Kein Durchkommen mehr für die Autos: Die Critical Mass rollt über die Quaibrücke (Archivbild August 2021). 

Vor Jahren habe die Stadtpolizei mehrmals versucht, die Critical Mass mit Blaulicht, Blockaden und Beschlagnahmungen zu stoppen, sagt der Aktivist. Mittlerweile habe man sich mit der Stadt arrangiert. «Alles läuft friedlich und entspannt.» Auch ein Vertreter der VBZ fahre jeweils mit dem Velo mit und erteile Ratschläge für eine Routenwahl, die den öffentlichen Verkehr möglichst wenig störe.

«Man könnte bei jeder morgendlichen Rushhour von einer Überbeanspruchung des öffentlichen Raums reden.» 

Critical-Mass-Aktivist

Ähnliche Diskussionen über eine Bewilligungspflicht fänden in vielen europäischen Städten statt, wo sich eine Critical-Mass-Bewegung formiert hat. Die zu starke Nutzung der Strassen werde dabei oft als Gegenargument angeführt, sagt der Aktivist. «Das Gleiche könnte man aber von jeder Rushhour behaupten.»  
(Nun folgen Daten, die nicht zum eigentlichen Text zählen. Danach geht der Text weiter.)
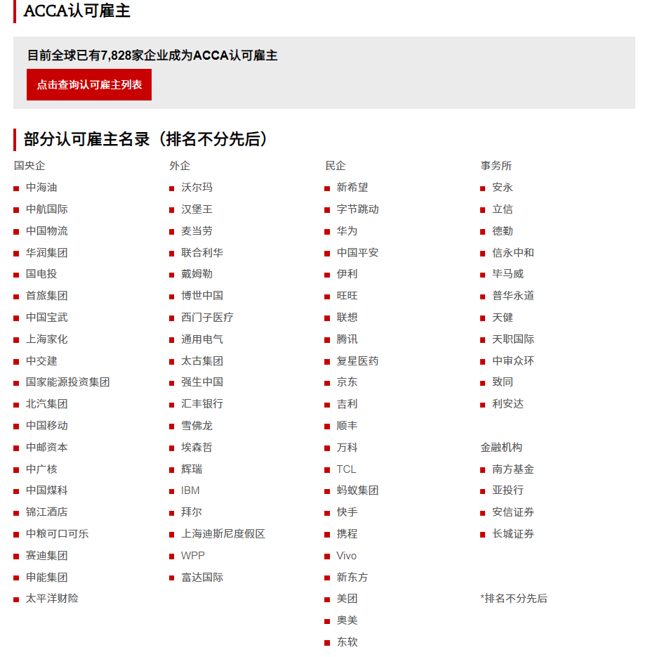ACCA中国区部分认证雇主一览:
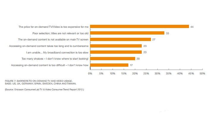 De hecho, otro de los descubrimientos del reporte es que la mayoría de los consumidores no quieren ver contenido de forma ilegal, pero que algunas veces recurren a esas vías por no tener alternativas legales que sean igual de atractivas. Además, el costo, la pobre selección de contenido y no poder acceder a contenido bajo demanda desde la principal pantalla de televisión son los principales obstáculos para poder pagar por contenido on demand. De acuerdo con el estudio, los consumidores están más dispuestos a pagar por el contenido para verlo en las pantallas más grandes.
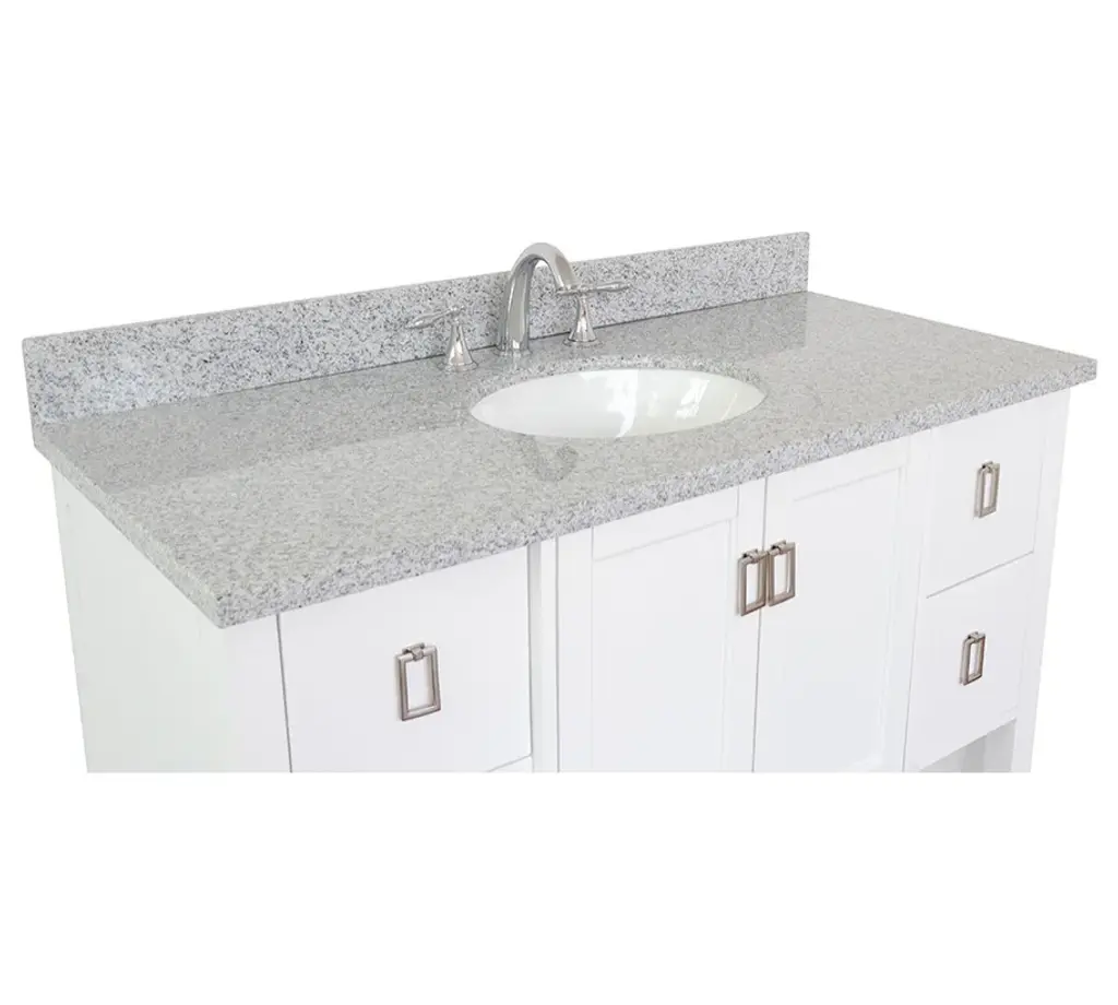 The Monterey collection by Bellaterra Home features simple style bathroom vanities that can accomplish any home design. From the cottage to the cabin or to the grand home design, you will appreciate this beautifully hand crafted piece of furniture as the focal point in your bathroom. The structure of the cabinet is built with solid oak and has full corner block on all corners for stability and to also provide additional support for the counter top. The 4 extra deep full-size drawers are constructed with English dovetail and installed with smooth under mount full extension glides. It provides durability and ample storage. It is hand applied with multiple layers of ecofriendly stain and top coat to prevent pealing, cracking and fading. The interior finish is consistent throughout and matches the exterior finish. The 2 center doors open to one big storage space that can be configured to fit personal storage needs. Solid nickel finish hardware completes the elegant look. The bottom of the cabinet has an open shelf for additional storage or for decorative items. Each cabinet is configured to work with our variety of countertops or any standard sized tops. This collection is offered in a variety of finishes, Brown Ash (Dark brown), Glacier Ash (White), White. This elegant bathroom vanity top features a 1.3” thick Gray granite preinstalled with a white undermount cUPC certified oval ceramic sink and a matching 4 in. H. backsplash for utmost beauty and functionality. It will easily match many home interiors. The vanity top is pre-drilled with 3 holes for an 8” widespread faucet and fits directly on top of a standard vanity cabinet (sold separately). Bellaterra Home’s counter tops are pre-sealed and polished for added protection. All genuine stone material has its variation of veining pattern and color; every top will be slightly different.
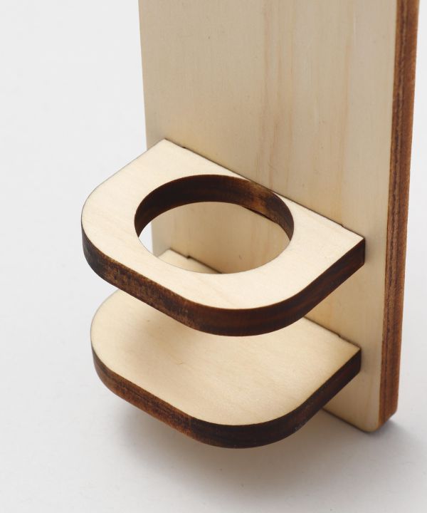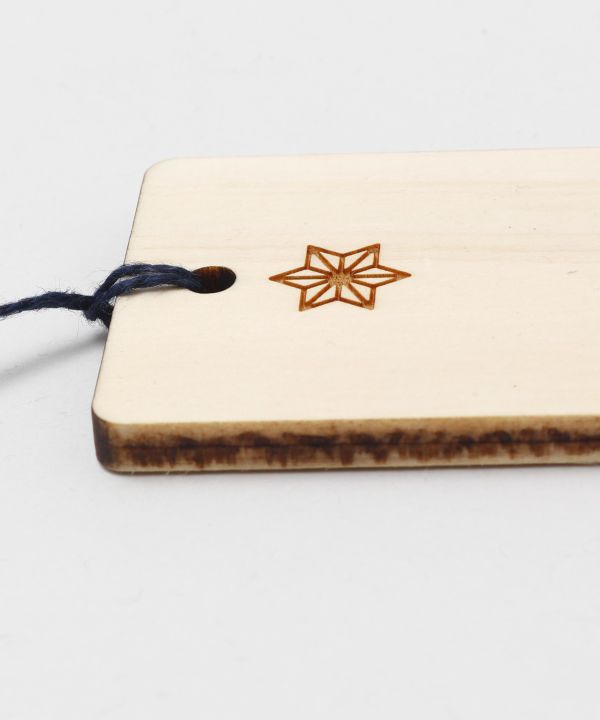 岩座オリジナルのアロマエアミスト(鎮守の森エアミスト)を収納できる壁飾り。本体部分は国産檜、糸は藍染めで染められています。

Diesen Einwand teilt der Gemeinderat Urs Riklin (Grüne). Alles, was der Statthalter über die Critical Mass schreibe, treffe auch für die allmorgendlichen und abendlichen Autostaus zu: übermässige Beanspruchung des öffentlichen Raumes, Regelverstösse, Störung des öffentlichen Verkehrs und Behinderung von Blaulichtfahrzeugen. «Es wäre interessant, zu prüfen, ob auch Rushhours bewilligungspflichtig sind», sagt Riklin.

Aus seiner Sicht bedeutet die Verfügung des Statthalters nicht, dass die Stadtpolizei die Critical Mass künftig automatisch unterbinden müsse. «Es bleibt ein gewisser Ermessensspielraum.» 

Die Teilnehmenden warnen

Auf Anfrage präzisiert Statthalter Mathis Kläntschi, was er mit den Massnahmen meint, welche die Stadtpolizei ergreifen müsse: «Als Mindestmassnahme könnte sie auf den Social-Media-Kanälen und bei der Besammlung durch Lautsprecherdurchsagen darauf aufmerksam machen, dass es sich um eine unbewilligte Demonstration handelt.»  Dies könnte bereits viele Teilnehmende abschrecken, sagt Kläntschi. Weitere Schritte müsse die Polizei im konkreten Fall prüfen, immer im Rahmen der Verhältnismässigkeit.

Derzeit signalisiere die Stadtpolizei hingegen, dass sie grundsätzlich nicht einschreiten werde, sagt Kläntschi. «Dieses Nichtstun geht nicht.» 

Die Verfügung ist noch nicht rechtskräftig. Beim Sicherheitsdepartement heisst es, dass man nach einer Analyse über einen Weiterzug entscheiden werde. Die Frist für eine mögliche Anfechtung beträgt 30 Tage.